In the present case, the disputed award, issued in Zurich on 23 December 2016, has the force of res judicata as soon as it is rendered, in accordance with Articles 1506, 4° and 1484 of the Code of Civil Procedure, ordered IPSA Holding SAS to pay various sums to A. In a judgment dated 9 January 2017, the Paris Commercial Court opened safeguard proceedings against IPSA Holding.

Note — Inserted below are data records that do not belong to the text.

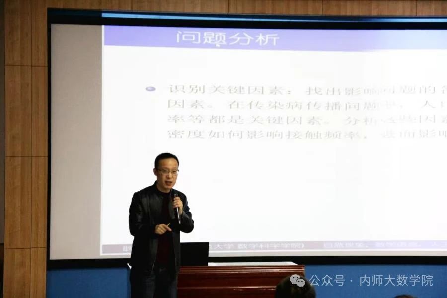 耿俊老师从自然现象、数学语言、人工智能三个方面的融合深入剖析数学建模,向同学们介绍了数学建模的概述和基本流程,由常用模型深化到AI+建模,同时,耿老师进行了案例的具体分析及相应的成果展示。
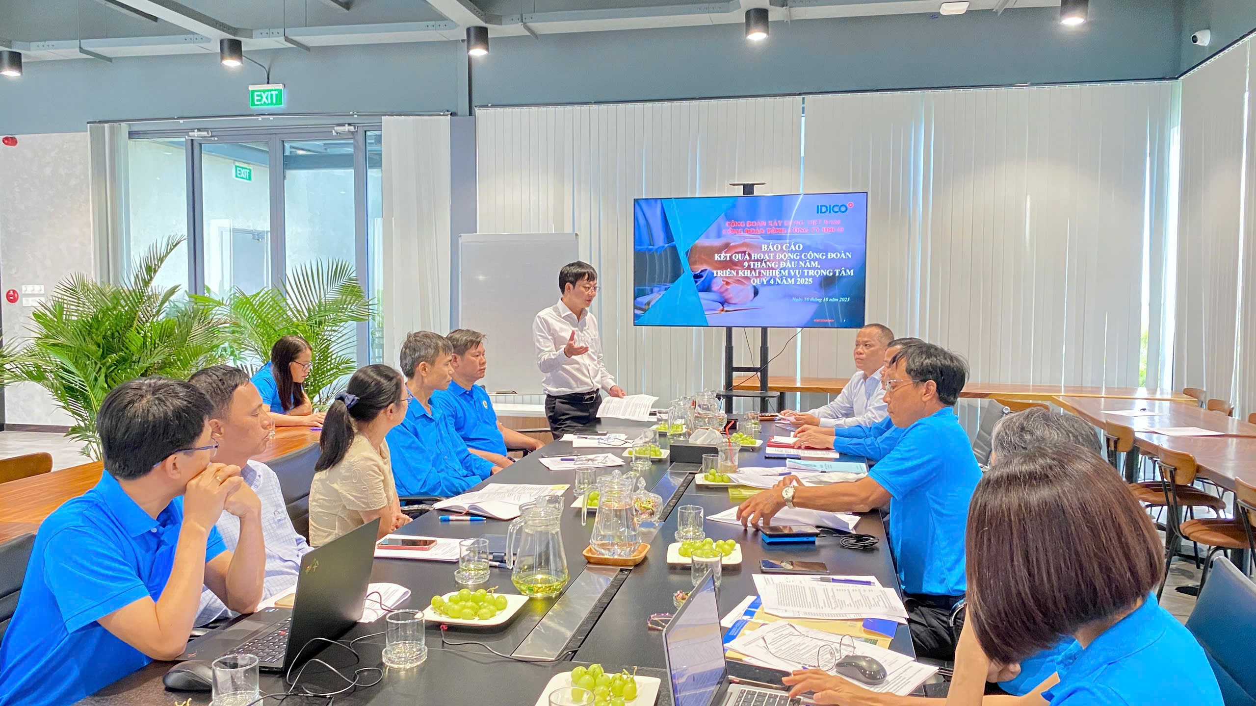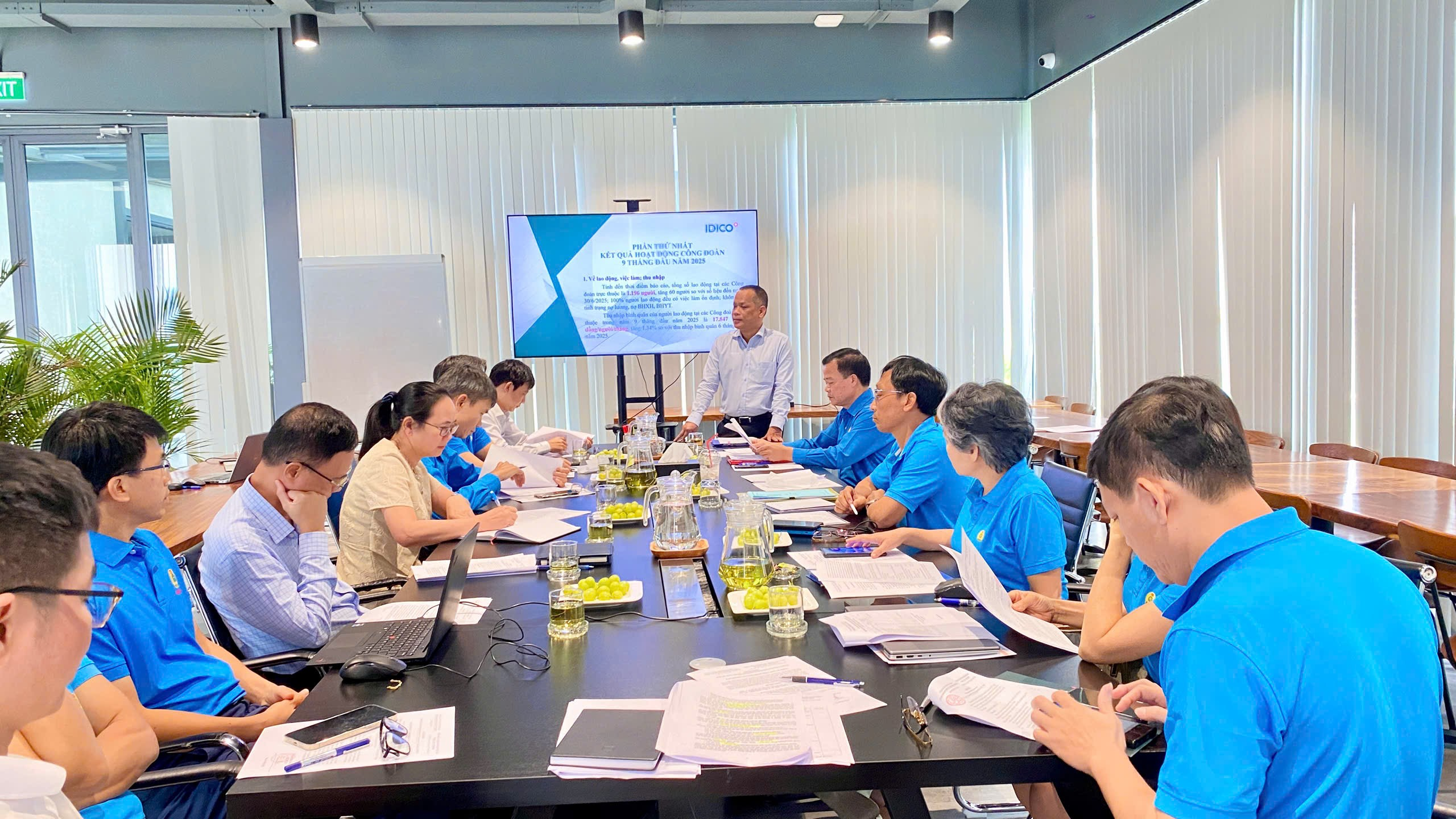 Đ/c Phạm Hoài Phương, Ủy viên Ban Chấp hành Đảng bộ Bộ Xây dựng, Ủy viên Ban Chấp hành Tổng Liên đoàn Lao động Việt Nam, Chủ tịch Công đoàn Xây dựng Việt Nam và Đoàn công tác thăm, chúc mừng Ngày Doanh nhân Việt Nam tới Đ/c Đặng Chính Trung Tổng giám đốc Tổng công ty IDICO.Tại Hội nghị, Ban Thường vụ Công đoàn Tổng công ty IDICO đã đánh giá kết quả hoạt động 9 tháng đầu năm 2025:
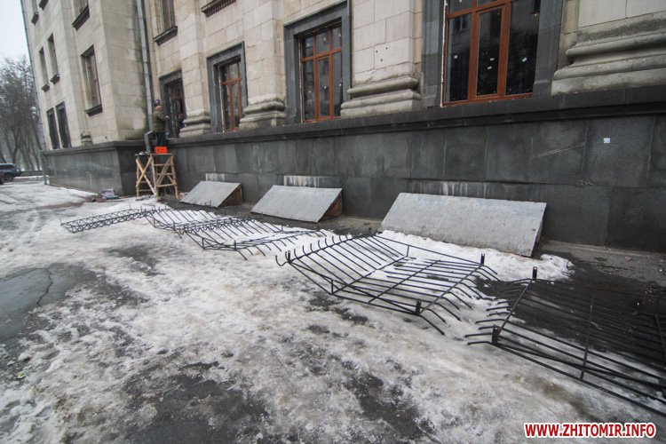 Как сообщал Житомир.info, решетки на окнах здания на площади Королева, где находится облгосадминистрация и областной совет, установили за одну ночь накануне внеочередной сессии 29 января. Решетками также защитили окна полуподвального помещения на площади Королева,1, где вместо коммунальной столовой открыли бар.
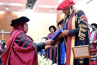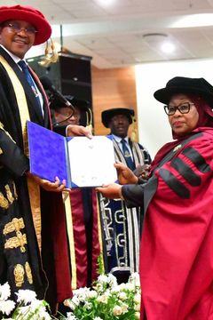 University of Dar es Salaam (UDSM) Chancellor and former President Jakaya Kikwete confers Honorary Doctorate Degree of Doctor of Letters (D.Litt) honoris causa) to presiding Tanzania’s President Samia Suluhu Hassan. President Samia has been recognized for her immerse positive impacts in the education sector and human rights.
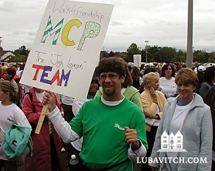 Support poured in from near and far, very far. Miriam Defilipp, a sophomore in high school from Charlotte, NC, flew in with her mom for the walk and caught a plane home the same day. As a counselor in the Friendship Circle’s first ever day camp this summer, Defilipp discovered her camper “had feelings and understood things, even though she did not look like she did.” Defilipp raised $1,358 from neighbors in friends her state, and teamed up with Chaya Weiss and Devorah Groner of Detroit for the walk.
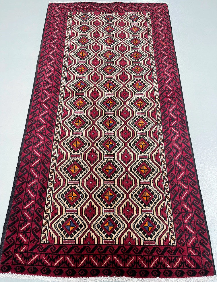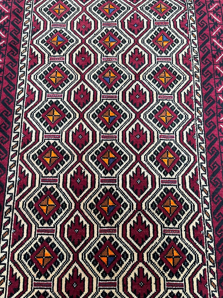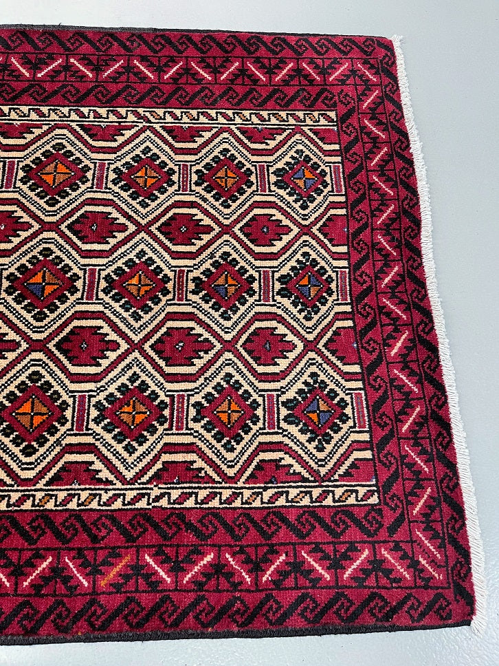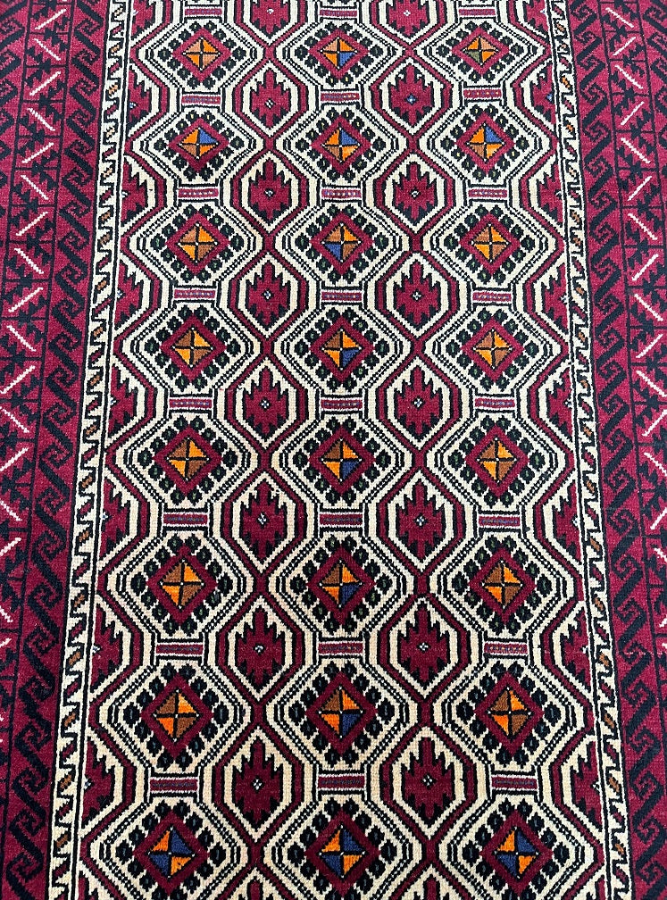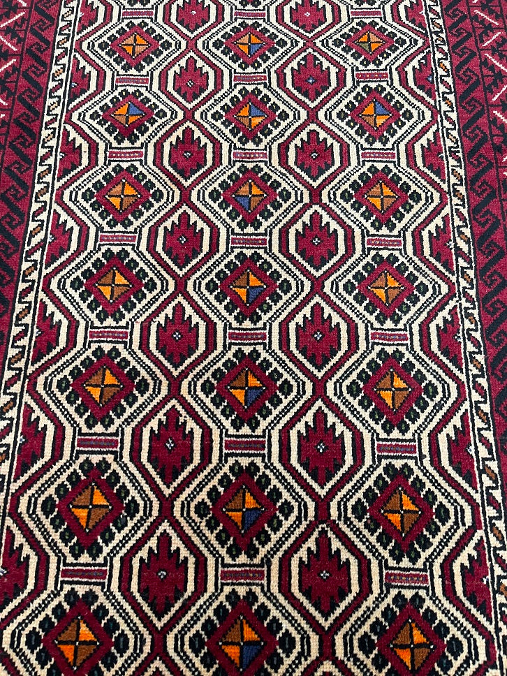 Coffee Table Size Genuine Handmade Balouchi Rug Which Also Can Be Used As A Runner. It Has A Pure Hand Spun Wool Pile On Wool Base. Beige, Black, Red, Blue, Green And Orange Tone Dyed Using Traditional Methods.

On 16 February 2017, A registered the debt resulting from the award as a liability.
The enforcement order (in French: Ordonnance d’exequatur) issued on 10 March 2017, subsequent to this declaration, therefore excludes the claim of violation of the above-mentioned principles of international public policy as regards its recognition and binding effect in France of the award.
It is therefore appropriate to confirm the enforcement order (in French: Ordonnance d’exequatur) in so far as it entails recognition of the sentence, but to overturn it in so far as it renders enforceable an order for payment of sums of money.
On Article 700 of the Code of Civil Procedure:
Equity does not require that any of the parties benefit from the provisions of Article 700 of the Code of Civil Procedure.
FOR THESE REASONS:
Overturns the order issued on 10 March 2017 by the Delegate of the President of the Tribunal de Grande Instance de Paris in that it renders enforceable an order for the payment of sums of money.
Confirms it in so far as it entails recognition of the award issued on 23 December 2016 between the parties by an arbitral tribunal sitting in Zurich.
Dismisses the applications pursuant to Article 700 of the Code of Civil Procedure.
Holds that each party shall bear its own costs.